> _INPUT MATERIAL_:
_____

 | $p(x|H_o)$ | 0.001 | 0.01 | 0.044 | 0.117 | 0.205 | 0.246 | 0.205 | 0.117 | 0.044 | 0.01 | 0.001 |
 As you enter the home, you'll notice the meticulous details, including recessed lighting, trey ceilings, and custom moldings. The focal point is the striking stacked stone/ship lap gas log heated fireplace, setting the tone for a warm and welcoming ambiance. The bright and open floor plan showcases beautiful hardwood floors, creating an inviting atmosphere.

_____

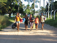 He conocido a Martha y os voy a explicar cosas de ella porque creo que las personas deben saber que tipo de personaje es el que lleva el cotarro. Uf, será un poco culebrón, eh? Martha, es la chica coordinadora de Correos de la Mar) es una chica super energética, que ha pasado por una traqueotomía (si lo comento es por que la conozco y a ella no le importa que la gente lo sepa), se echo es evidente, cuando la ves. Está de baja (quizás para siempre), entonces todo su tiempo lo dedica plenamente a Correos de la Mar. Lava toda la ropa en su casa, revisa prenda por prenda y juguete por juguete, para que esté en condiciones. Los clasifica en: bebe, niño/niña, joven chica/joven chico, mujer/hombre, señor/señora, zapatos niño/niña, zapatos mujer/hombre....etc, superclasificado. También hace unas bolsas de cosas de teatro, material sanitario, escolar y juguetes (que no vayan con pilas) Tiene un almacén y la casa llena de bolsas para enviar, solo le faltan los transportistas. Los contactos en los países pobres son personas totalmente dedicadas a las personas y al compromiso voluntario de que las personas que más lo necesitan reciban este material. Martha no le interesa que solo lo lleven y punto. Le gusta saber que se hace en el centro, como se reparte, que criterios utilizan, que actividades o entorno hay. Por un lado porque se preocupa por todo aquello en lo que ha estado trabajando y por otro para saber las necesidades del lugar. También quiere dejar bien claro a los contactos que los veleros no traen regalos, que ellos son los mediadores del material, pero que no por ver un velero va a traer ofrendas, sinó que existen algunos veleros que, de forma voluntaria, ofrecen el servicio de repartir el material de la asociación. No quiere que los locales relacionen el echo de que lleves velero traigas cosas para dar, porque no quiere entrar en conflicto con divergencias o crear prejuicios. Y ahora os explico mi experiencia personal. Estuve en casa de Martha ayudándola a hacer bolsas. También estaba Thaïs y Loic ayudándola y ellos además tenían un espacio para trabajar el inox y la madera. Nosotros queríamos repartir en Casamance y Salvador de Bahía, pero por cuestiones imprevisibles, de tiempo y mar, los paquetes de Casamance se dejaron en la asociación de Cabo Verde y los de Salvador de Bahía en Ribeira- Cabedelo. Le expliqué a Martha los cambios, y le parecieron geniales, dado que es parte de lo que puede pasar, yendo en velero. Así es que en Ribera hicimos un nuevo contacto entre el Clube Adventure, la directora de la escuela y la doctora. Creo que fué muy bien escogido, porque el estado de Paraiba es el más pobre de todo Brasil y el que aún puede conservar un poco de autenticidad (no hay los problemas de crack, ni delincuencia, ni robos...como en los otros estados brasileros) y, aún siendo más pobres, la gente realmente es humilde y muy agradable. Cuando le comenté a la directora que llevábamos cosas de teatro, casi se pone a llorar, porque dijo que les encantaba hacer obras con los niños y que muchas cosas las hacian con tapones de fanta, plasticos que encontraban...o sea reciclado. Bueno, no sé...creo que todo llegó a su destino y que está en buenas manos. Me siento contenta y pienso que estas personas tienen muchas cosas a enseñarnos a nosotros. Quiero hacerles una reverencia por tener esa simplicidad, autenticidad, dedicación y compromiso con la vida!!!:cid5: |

_____

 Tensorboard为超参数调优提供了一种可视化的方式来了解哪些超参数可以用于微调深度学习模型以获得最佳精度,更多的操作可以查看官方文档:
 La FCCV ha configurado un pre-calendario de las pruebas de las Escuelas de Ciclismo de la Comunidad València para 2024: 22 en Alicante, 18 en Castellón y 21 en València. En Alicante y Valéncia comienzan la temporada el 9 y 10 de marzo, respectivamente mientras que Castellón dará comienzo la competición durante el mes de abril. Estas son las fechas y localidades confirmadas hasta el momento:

_____

> _EXERCISE GOAL_:
Take the entries above and return only the lines from the one with "0.01 | 0.001 |" to the one with "As you enter", both included, unchanged.

> _YOUR RESPONSE_:
 | $p(x|H_o)$ | 0.001 | 0.01 | 0.044 | 0.117 | 0.205 | 0.246 | 0.205 | 0.117 | 0.044 | 0.01 | 0.001 |
 As you enter the home, you'll notice the meticulous details, including recessed lighting, trey ceilings, and custom moldings. The focal point is the striking stacked stone/ship lap gas log heated fireplace, setting the tone for a warm and welcoming ambiance. The bright and open floor plan showcases beautiful hardwood floors, creating an inviting atmosphere.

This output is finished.